An unbearable wedding dress. A prosthetic limb. An axe. As the world celebrates her Valentine’s Dayone museum in Zagreb collected objects that sometimes tell strange stories of a lost love.

Opened in 2006 on a secluded street near Zagreb’s main square, a favorite meeting place for lovers and friends for decades, the Museum of Broken Relationships features thousands of exhibits, some ordinary, some strange, but certainly each one emblematic of a lost love.

“It’s not the objects, but the stories behind them that are intriguing, inspiring and moving,” said museum co-founder Drazen Grubisik.

“For me this is a museum about love. We just might have a different view of love when it ends.”

A Croatian war veteran has donated a prosthetic leg in memory of his love affair with a Defense Ministry employee he met during his treatment. The prosthetic member remained from this relationship.

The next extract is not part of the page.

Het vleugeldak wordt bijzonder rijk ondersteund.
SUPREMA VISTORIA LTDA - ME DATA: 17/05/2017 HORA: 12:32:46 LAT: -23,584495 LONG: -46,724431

A Turkish woman donated a wedding dress that she never wore because the man she was going to marry died a month before their wedding.

A man donated an ax he had used to destroy his ex-partner’s furniture, while a woman gave the museum a cockatiel left over from her lover’s motorbike accident 27 years ago. This person, a biologist, had once wondered if something like this could be used to clone one’s “human”.

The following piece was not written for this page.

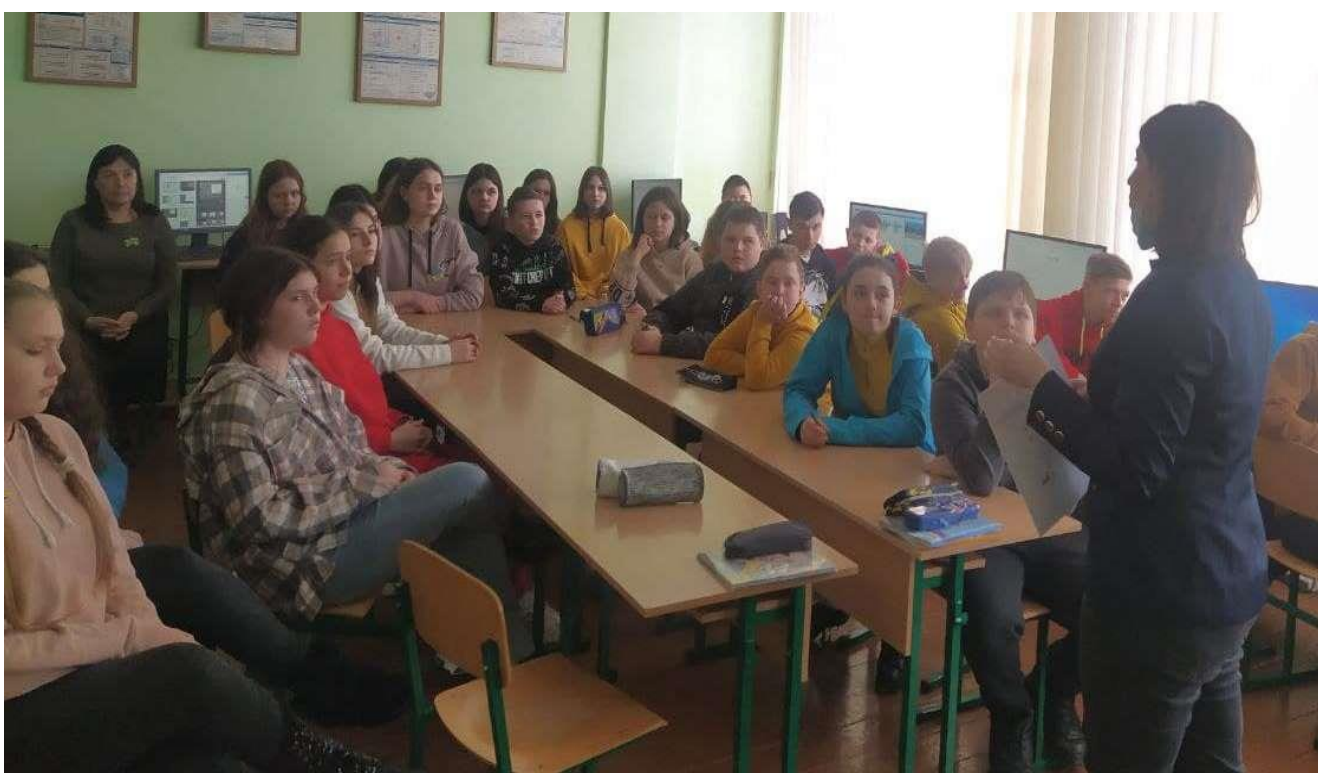
Правова гра для учнів Угринська ЗОШ І-ІІ ст.

Після участі у заході діти зробили висновок, що права людини є взаємопов'язаними, неподільними та взаємозалежними. Кожна людина має знати про свої права та поважати права інших.

“The desire to clone my partner from it no longer exists,” the woman said in a post on the museum’s website.

A book by British hypnotist Paul McKenna titled “I Can Make you Thin” is among the exhibits at the museum, which was donated by a woman who was given it as a gift by her partner.

“Don’t buy this book and give it to a loved one if you want the relationship to last,” Grubisik said.